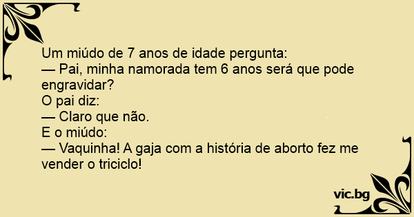 — Pai, minha namorada tem 6 anos será que pode engravidar?
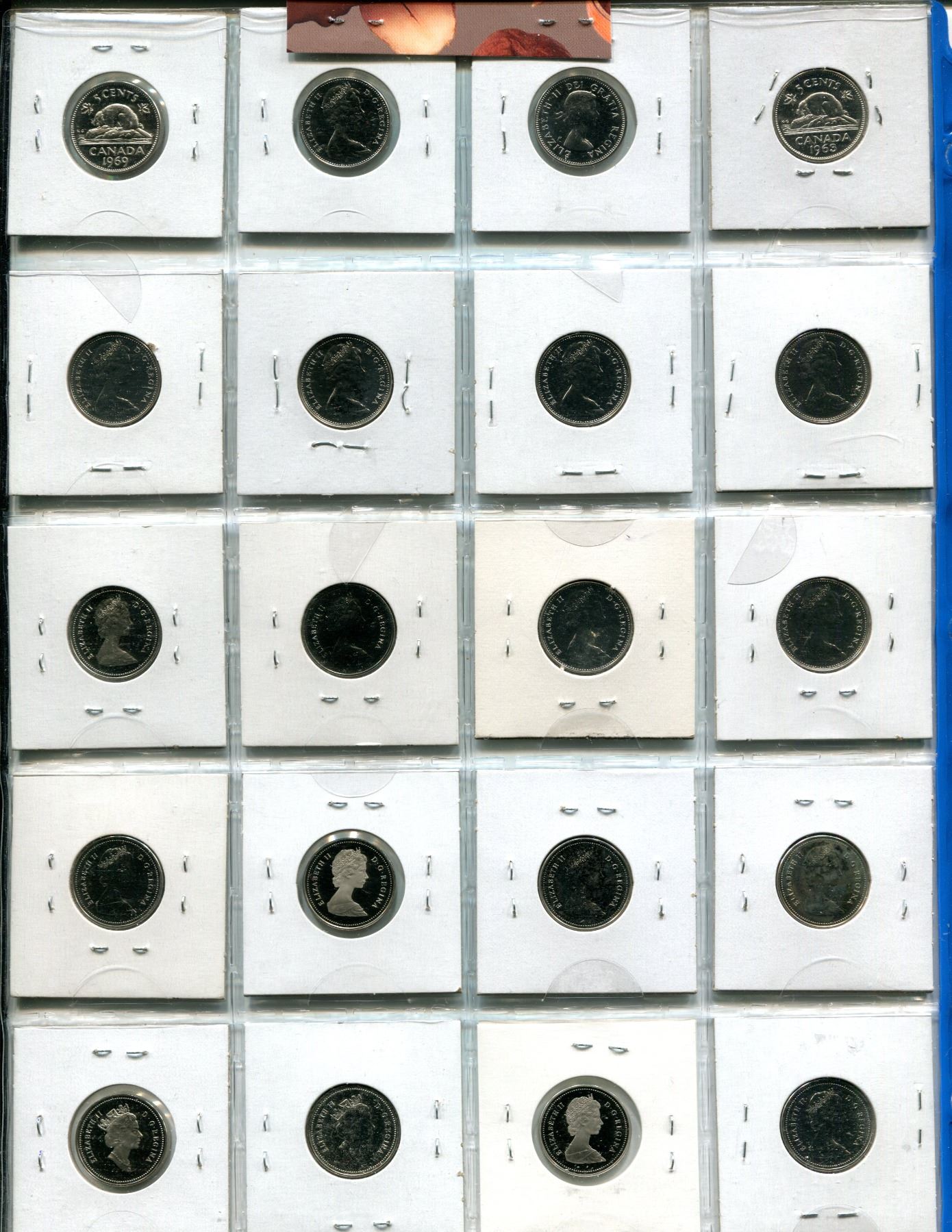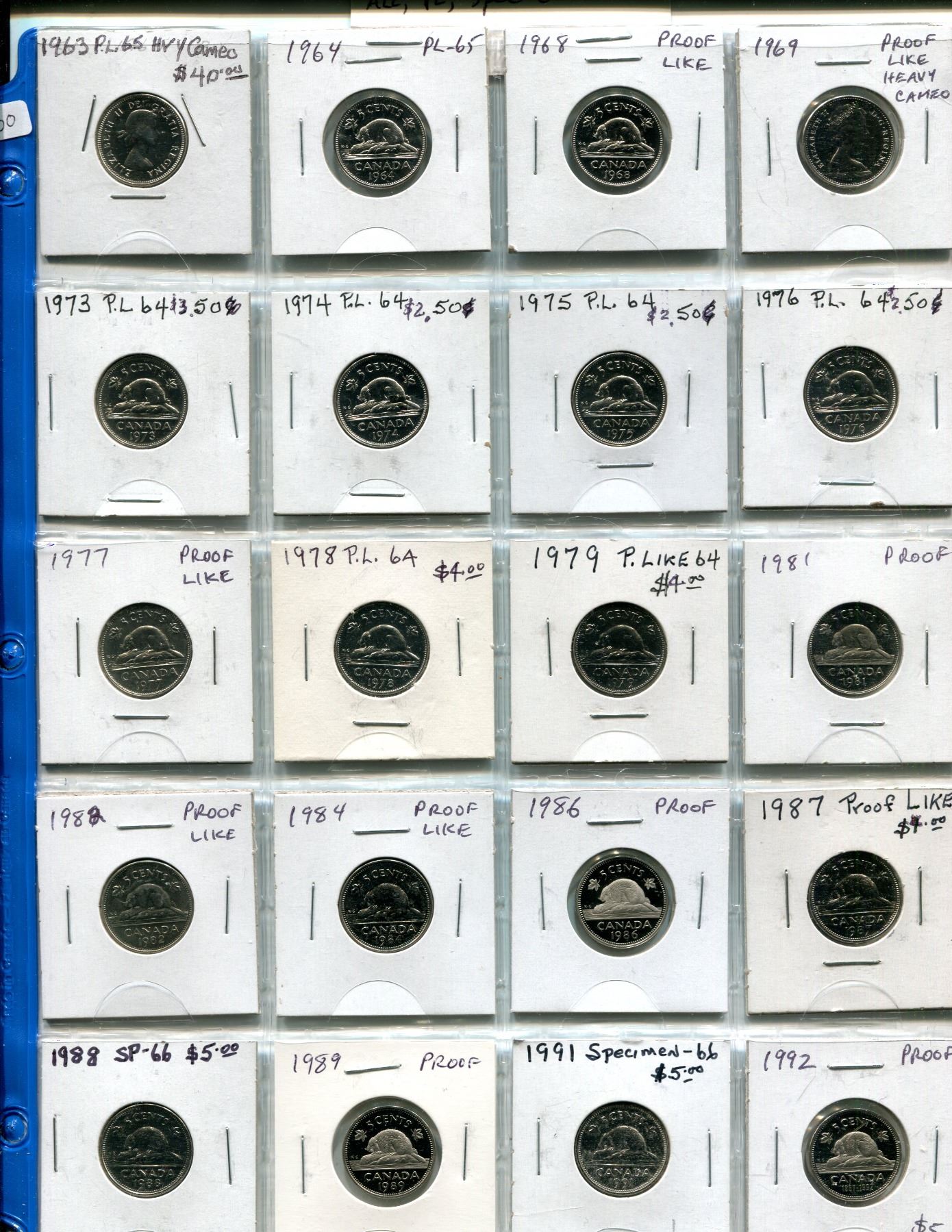 Lot of 20 Collector Nickel 5 Cents 1963 to 1992. Includes 1963, 1964, 1968, 1969, 1973, 1974, 1975, 1976, 1977, 1978, 1979, 1981, 1982, 1984, 1986, 1987, 1988, 1989, 1991 & 1992. All coins Proof Like (some with Heavy Cameos), Specimen or Proof with Ultra Heavy Cameos. A nice selection.
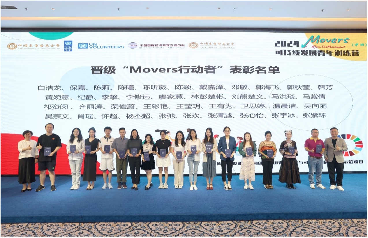 为培养青年的可持续发展意识、创新思维和适应21世纪的新技能,赋能其为社会可持续发展贡献创新解决方案,6月14日,2023年度Movers表彰大会暨2024年度Movers(中国)可持续发展青年营开营仪式在京举行。联合国开发计划署、联合国志愿人员组织、中国宋庆龄青少年科技文化交流中心、中国国际经济技术交流中心有关领导嘉宾以及来自全国20余个省、自治区、直辖市、特别行政区约130名青年代表参加活动。

- **Exercise brief**
All the lines above are to be reproduced exactly, except the pictures.

- **Answer area**
 — Pai, minha namorada tem 6 anos será que pode engravidar?
 Lot of 20 Collector Nickel 5 Cents 1963 to 1992. Includes 1963, 1964, 1968, 1969, 1973, 1974, 1975, 1976, 1977, 1978, 1979, 1981, 1982, 1984, 1986, 1987, 1988, 1989, 1991 & 1992. All coins Proof Like (some with Heavy Cameos), Specimen or Proof with Ultra Heavy Cameos. A nice selection.
 为培养青年的可持续发展意识、创新思维和适应21世纪的新技能,赋能其为社会可持续发展贡献创新解决方案,6月14日,2023年度Movers表彰大会暨2024年度Movers(中国)可持续发展青年营开营仪式在京举行。联合国开发计划署、联合国志愿人员组织、中国宋庆龄青少年科技文化交流中心、中国国际经济技术交流中心有关领导嘉宾以及来自全国20余个省、自治区、直辖市、特别行政区约130名青年代表参加活动。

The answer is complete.